System.Collections.Generic Dictionary Capacity, Hashing, and Collisions.

Somebody asked me a question how to set the initial capacity of System.Collections.Generic.Dictionary<K,V> if one knows that the Dictionary will contain 1000 entries.

The short answer

Dictionary<int,string> numbers = new Dictionary<int,string>(1000);

The long answer

Dictionary<K,V> is a generic type almost identical to the non-generic System.Collections.Hashtable. Both types are implemented as hashtables, but they are slightly different implementations. In particular, they use different algorithms to deal with collisions. Hashtable uses probing and Dictionary<K,V> uses chaining.
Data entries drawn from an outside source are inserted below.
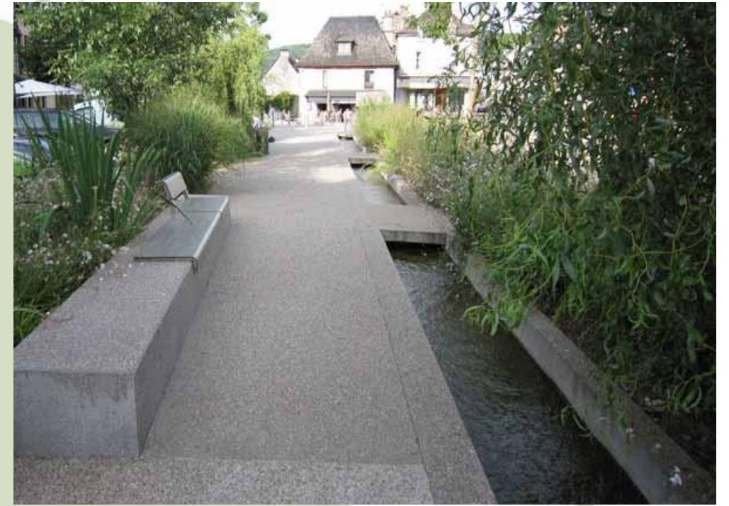
Images de références d'ambiances recherchées pour le parking
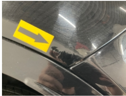
38. Venstre baksjerm
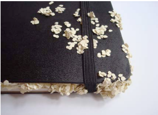
Ivana Brenner, Sans titre (détail) , 2010 Carnet Moleskine et technique mixte, 13 x 21 cm

Probing means that when a collision is detected, the algorithm tries to store the new entry in the next free bucket. When a hashtable gets close to full (saturated), finding the next free bucket becomes difficult. For this reason, hashtables that use probing grow their size way before they get completely saturated to minimize collisions. In our Hashtable, the threshold of acceptable saturation is controlled by the loadFactor parameter the constructor, but this is a topic for another time. Hashtables using probing always have more buckets allocated than the number of entries they store.
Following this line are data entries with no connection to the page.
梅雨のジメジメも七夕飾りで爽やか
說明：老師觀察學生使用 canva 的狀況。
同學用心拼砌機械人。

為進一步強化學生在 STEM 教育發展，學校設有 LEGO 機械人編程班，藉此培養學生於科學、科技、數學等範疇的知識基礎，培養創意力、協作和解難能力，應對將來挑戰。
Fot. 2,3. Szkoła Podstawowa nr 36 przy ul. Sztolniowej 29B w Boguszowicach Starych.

Now, the interesting question is whether the capacity specifies the number of buckets we allocate or the algorithm is actually smarter. The good news is that we take the loadFactor into account when allocating the buckets. So, if you specify capacity of let’s say 1000, we actually allocate more buckets. In fact we allocate enough buckets to ensure that we don’t have to grow the number of buckets before more entries are added than the specified capacity.

Chaining means that all entries with the same hash code are stored in a list associated with one bucket corresponding to the hash code. Therefore the Dictionary<K,V> can be completely saturated, we don’t use loadFactor, and we simply take the next prime number after the capacity to determine how many buckets to allocate.